Цыган слушал молча, ни разу не перебил, только смотрел в угасающий огонь костра, покуривал трубку, набитую зловонным самосадом, сплёвывал да кашлял.

— Зря всё, — изрёк он минут через пять тишины, в которой только угли потрескивали, да ветер шумел всё явственней, призывая грозу. — Никого в городе не осталос. Немногие успели уехат, никто пошти не успел. Видел бы ты, что тут творилос… Люди будто с ума сошли напоследок, богом клянус.

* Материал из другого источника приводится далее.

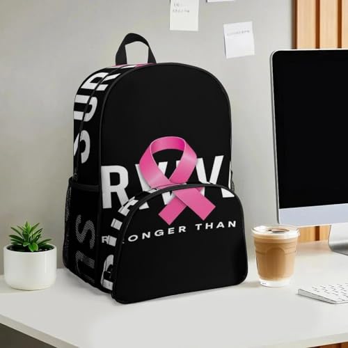 More information about Large Capacity Breast Cancer Survivor Pink Ribbon Black Backpack for Travel Work College, Compartment Bag with Side Pockets, Daypack for Women Men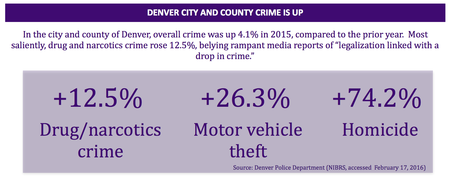 • In 2015, drug crimes rose 12.5% in the city and county of Denver, and homicides were up over 74%.
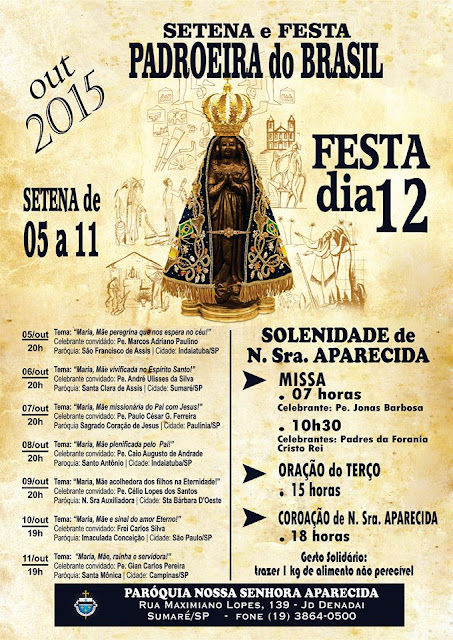 SETENA E FESTA DA PADROEIRA DO BRASIL. De 05 a 11 de Outubro sempre as 20hs, dia 12 programação especial o dia todo. Paroquia Nossa Senhora Aparecida Rua: Maximiano Lopes, 139 Jd. Denadai Sumaré SP. Fone: 19-3864-0500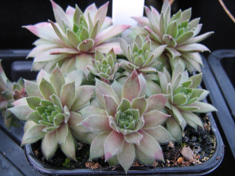 and the plant? Let's just admit that I looked up my notes from the time and found I hadn't made any. Erwin Geiger is quoted on Sempervivum List: "The American hybrid conjures up bright red rosettes with white ciliated foliage. In culture since 1977 and yet hardly known!" He was struggling to come up with a description as well. Mountain Crest Gardens say: "A lovely open rosette with a metallic sheen. It tends to show red and silvery green with coppery overtones and has fine cilia lining its leaves." The AGS online encyclopedia says: "Very compact, small, flat rosettes of pinkish brown. The glabrous leaves are ciliate." |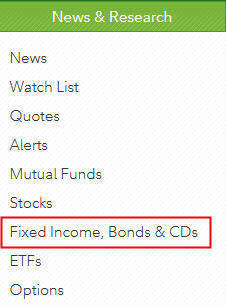 Under News & Research on the top, click on Fixed Income, Bonds & CDs.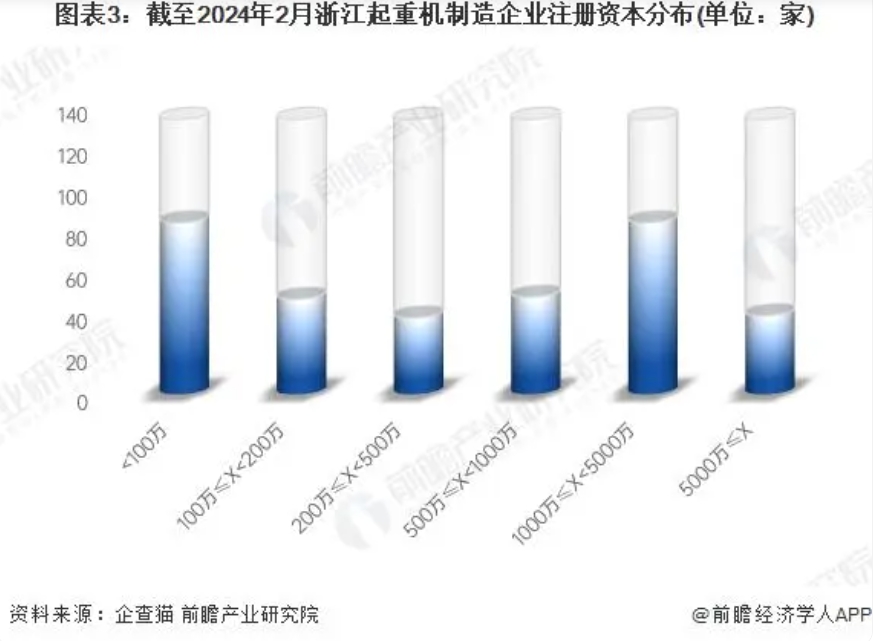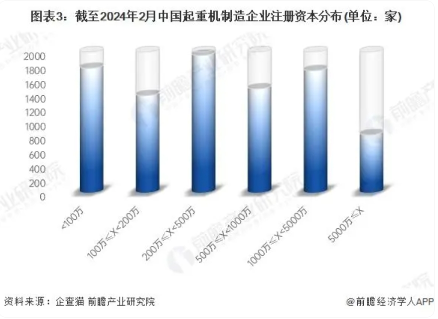 ——起重機制造企業(yè)注冊資本在500萬以上的數(shù)量占比超50%

— Как и везде, — пожал плечами Пастырь.

— Про везде не знаю. Мы из Дёсново сюда пришли. Думали, город малый, тихий, отсидимса поблиз, пока всё не успокоитса. А тут эти… Рогатых [ментов] перебили, свои порядки давай ставит. Убивали всех подряд. Покраснел от жары — умер, ноги заплетаютса усталости — умер, не то слово сказал — умер, жену не отдаёшь — умер… Умер, умер, умер…

— Кто — эти?

— Бандиты. Сброд. От них люди больше умерли, чем от жаркой. Они тут долго заправляли, а потом ушли. Сожрали всё, что было, разграбили, что было и — ушли.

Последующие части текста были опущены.